After its cancellation, the cast and crew dispersed into various areas of arts and entertainment, and now the original crew has resurfaced in the form of Cinematic Titanic, a new model of what Hodgson has named “movie riffing.”
The pressure was on but the fans were eager, and the first two episodes have been a wild success. Already it shows signs of the same creative evolution that graced the original show. While the first installment, The Oozing Brain, was funny and entertaining, it was immensely simple. There were no breaks, no host segments, just five folks in silhouettes while the movie played. The second episode, Doomsday Machine, shows a marked progression in concept: the iconic character silhouettes are no longer confined to the theater, now they can be seen over the opening credits as the Riffers (Joel Hodgson, J. Elvis Weinstein, Trace Beaulieu, Mary Jo Pehl, and Frank Conniff) walk and joke their way down a long corridor, receiving instruction from government officials. The premise is that these movies are so awful that they somehow threaten reality and all digital media, and we need the Cinematic Titanic crew to save us.
The added element of cornball science fiction will inevitably draw MORE comparison to the original show, but the Titanic crew is ready. In the opening of the second episode one of the government officials remarks, “We noticed you don’t have any of the robots with you.”

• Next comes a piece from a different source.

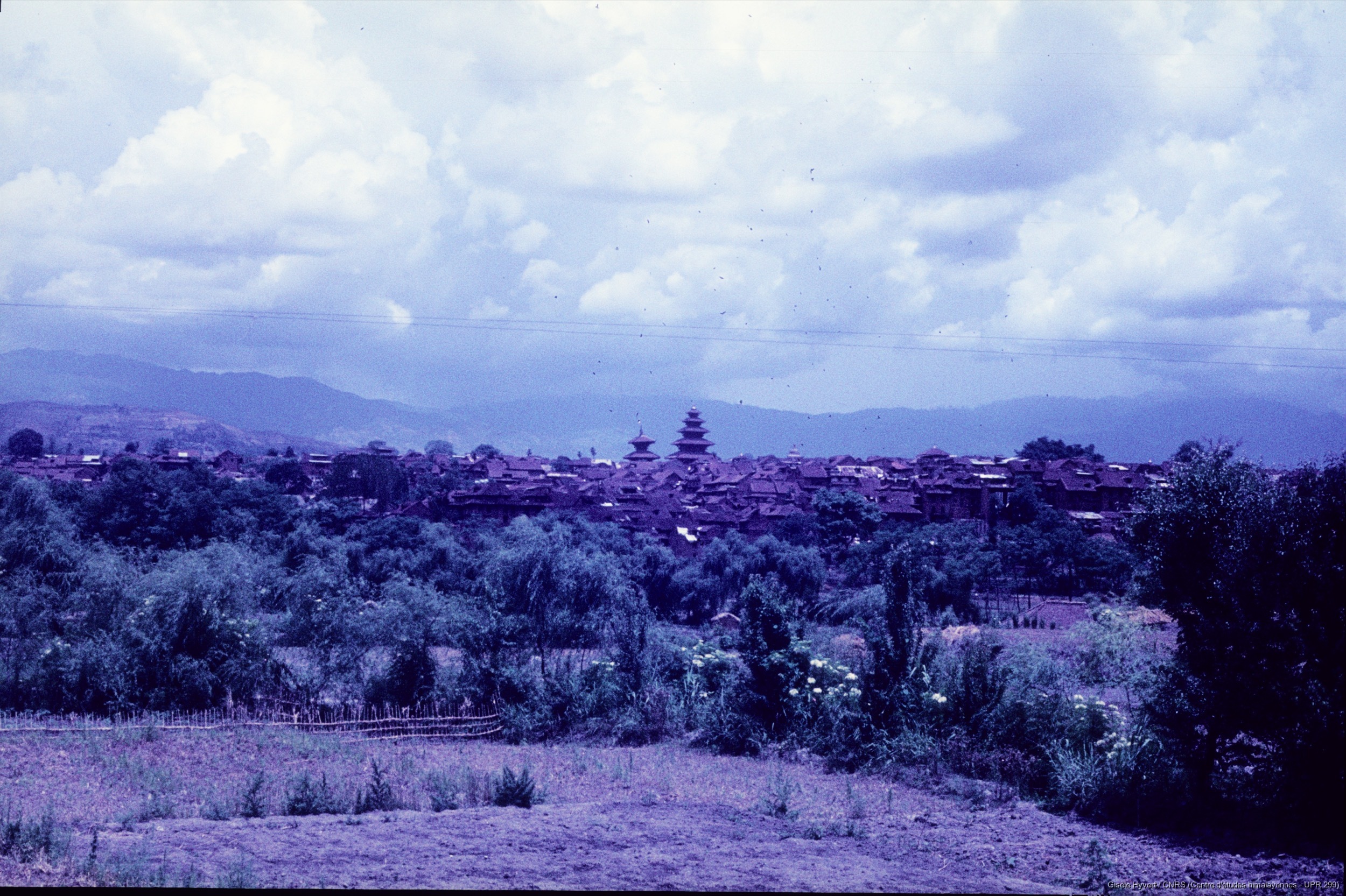 Vallée de Kathmandu c.1970 / Vue de Bhaktapur (depuis la route allant à Banepa) avec les temples du Nyatapola et de Kashi Vishwanath.  / Hyvert, Gisèle  / Bhaktapur (Bhaktapur district), Népal

To which Trace answers, “Oh, we don’t do that anymore, it’s just us now.”
“Oh,” the official replies. “So it’s not just a copyright thing?”
But while the new show has dropped a lot of the MST3K trappings, so far it hasn’t lost its sense of humor. Doomsday Machine is hilarious, and ranks with the legendary MST3K episodes such as Pod People, Cave Dwellers, and Manos: The Hands of Fate.

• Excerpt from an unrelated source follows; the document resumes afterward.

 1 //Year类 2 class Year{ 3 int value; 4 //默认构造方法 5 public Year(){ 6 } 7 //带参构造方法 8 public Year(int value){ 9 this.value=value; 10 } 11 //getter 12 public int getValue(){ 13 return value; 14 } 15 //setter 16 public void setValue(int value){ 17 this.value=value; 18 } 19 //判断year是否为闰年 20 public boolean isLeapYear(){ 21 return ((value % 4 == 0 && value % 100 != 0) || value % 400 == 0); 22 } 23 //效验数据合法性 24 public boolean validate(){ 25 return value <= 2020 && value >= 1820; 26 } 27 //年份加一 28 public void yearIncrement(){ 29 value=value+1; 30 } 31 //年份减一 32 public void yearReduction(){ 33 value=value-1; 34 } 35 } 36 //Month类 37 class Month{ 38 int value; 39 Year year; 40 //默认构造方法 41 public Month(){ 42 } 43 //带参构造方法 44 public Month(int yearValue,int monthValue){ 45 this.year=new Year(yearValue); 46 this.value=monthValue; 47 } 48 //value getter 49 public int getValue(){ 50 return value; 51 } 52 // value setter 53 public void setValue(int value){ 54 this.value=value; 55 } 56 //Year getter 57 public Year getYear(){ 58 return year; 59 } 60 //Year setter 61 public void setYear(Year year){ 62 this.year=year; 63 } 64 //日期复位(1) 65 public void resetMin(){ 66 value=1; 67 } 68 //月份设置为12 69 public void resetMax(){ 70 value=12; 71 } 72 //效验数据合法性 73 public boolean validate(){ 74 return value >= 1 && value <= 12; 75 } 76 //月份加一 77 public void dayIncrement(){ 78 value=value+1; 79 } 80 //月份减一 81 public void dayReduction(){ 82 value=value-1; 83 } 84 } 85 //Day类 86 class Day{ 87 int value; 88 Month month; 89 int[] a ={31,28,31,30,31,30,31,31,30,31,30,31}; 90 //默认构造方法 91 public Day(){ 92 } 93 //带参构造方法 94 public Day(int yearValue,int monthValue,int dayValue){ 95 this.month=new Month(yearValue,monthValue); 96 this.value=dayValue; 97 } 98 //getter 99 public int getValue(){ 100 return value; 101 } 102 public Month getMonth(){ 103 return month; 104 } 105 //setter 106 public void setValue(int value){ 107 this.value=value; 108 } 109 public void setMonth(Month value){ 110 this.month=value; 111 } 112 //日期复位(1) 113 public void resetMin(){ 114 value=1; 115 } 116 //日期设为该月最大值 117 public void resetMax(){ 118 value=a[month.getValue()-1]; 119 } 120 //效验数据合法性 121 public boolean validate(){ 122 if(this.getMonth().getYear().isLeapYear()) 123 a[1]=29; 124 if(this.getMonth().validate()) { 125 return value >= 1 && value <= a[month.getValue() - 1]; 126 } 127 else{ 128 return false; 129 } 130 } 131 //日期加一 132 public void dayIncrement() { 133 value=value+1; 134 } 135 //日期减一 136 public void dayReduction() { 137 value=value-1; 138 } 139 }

What makes both shows so fun, and ultimately successful, is that everyone of every age LOVES bad movies. Cinematic Titanic is a humor bridge to all demographics. Geeks love the sci-fi themes, youngins love the silly violence that often accompanies the cult films, and the quick wit and intelligent riffing appeals to the hipsters and cinema connoisseurs that attended the L.A. Film Festival this past week.

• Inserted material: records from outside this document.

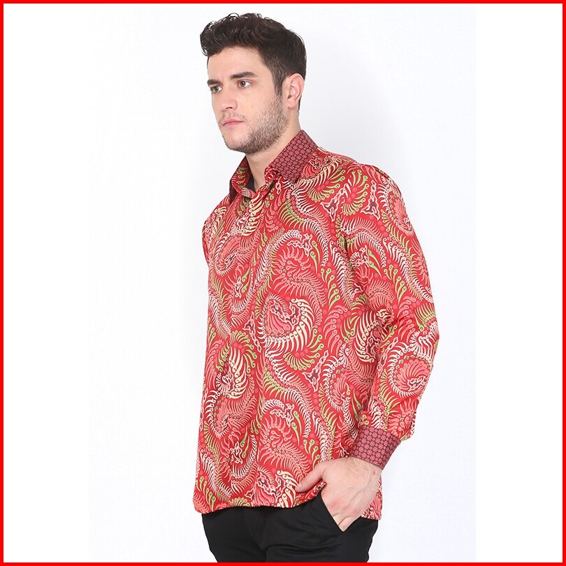 Hadinata Batik Pria Kemeja Panjang Shaquille Red
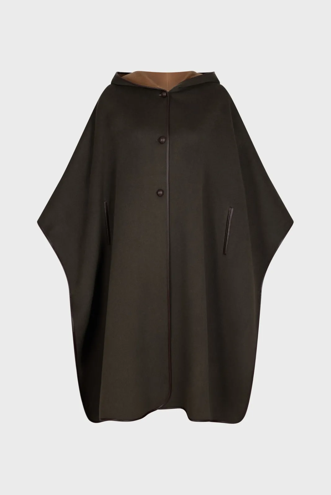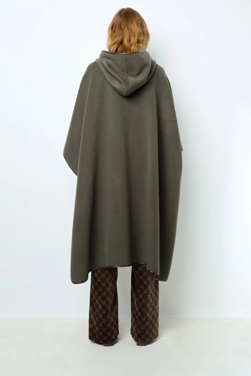100% Double-faced wool cape, providing both comfort and warmth. Loose and flowing for a chic but casual look. With a hood for a modern touch and better protection from the cold.
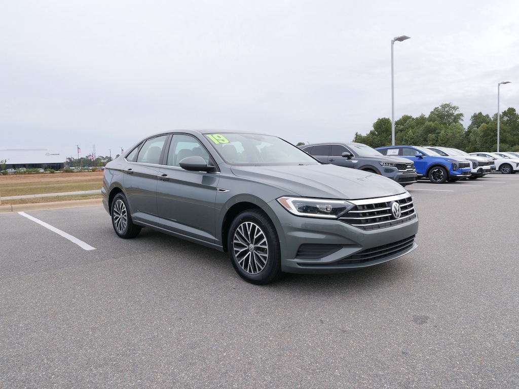 Gray 2019 Volkswagen Jetta SEL FWD 8-Speed Automatic with Tiptronic 1.4L TSI Sel Artificial Leather, 4-Wheel Disc Brakes, 9 Speakers, ABS brakes, Air Conditioning, Alloy wheels, AM/FM radio: SiriusXM, Auto High-beam Headlights, Auto-dimming Rear-View mirror, Automatic temperature control, Brake assist, Bumpers: body-color, Delay-off headlights, Driver door bin, Driver vanity mirror, Dual front impact airbags, Dual front side impact airbags, Electronic Stability Control, Emergency communication system: VW Car-Net services (capabilities require enrollment or subscription), Exterior Parking Camera Rear, Front anti-roll bar, Front Bucket Seats, Front Center Armrest, Front dual zone A/C, Front reading lights, Front wheel independent suspension, Fully automatic headlights, Heated door mirrors, Heated Front Comfort Seats, Heated front seats, Illuminated entry, Leather Shift Knob, Low tire pressure warning, Occupant sensing airbag, Outside temperature display, Overhead airbag, Overhead console, Panic alarm, Passenger door bin, Passenger vanity mirror, Perforated V-Tex Leatherette Seat Trim, Power door mirrors, Power moonroof, Power steering, Power windows, Radio data system, Radio: Composition Media w/8" Touchscreen, Rain sensing wipers, Rear anti-roll bar, Rear reading lights, Rear seat center armrest, Rear window defroster, Remote CD player, Remote keyless entry, Speed control, Speed-sensing steering, Split folding rear seat, Steering wheel mounted audio controls, Tachometer, Telescoping steering wheel, Tilt steering wheel, Traction control, Trip computer, Variably intermittent wipers, and Wheels: 16" Two-Tone Rama Black.

It’s been two decades since Joel and the gang first churned out shoe-string budget shows for local television, and I wonder what it’s like to perform live to an L.A. festival crowd, decked out in dress clothes instead of jumpsuits from the Gizmonic Institute, using director chairs and mic stands instead of homemade props.
This gang has contributed 20 years of comedy gold to pop-culture; they’ve coined phrases, created iconic characters (the robot Tom Servo has cameoed on Homestar Runner, 3rd Rock from the Sun, and Futurama), and built a fan base so strong that when they made the second episode of Cinematic Titanic available for download on June 19th, the high demand immediately crashed the server for a few hours.
So it was easy to imagine, when the Hollywood Bowl launched fireworks halfway through their live performance last Saturday night, that the booms, echoes, and colored light were for them.
Alas not.
But then this awkward moment morphed into serendipity when Joel looked up at the screen to see the colored light reflecting off the image of an astronaut staring at a spaceship portal and quipped, “We’re under attack from the Bowl!”
Fitting, from a guy who stepped out of the Hollywood mainstream and made a name, legacy, and living by poking fun at the world he left behind.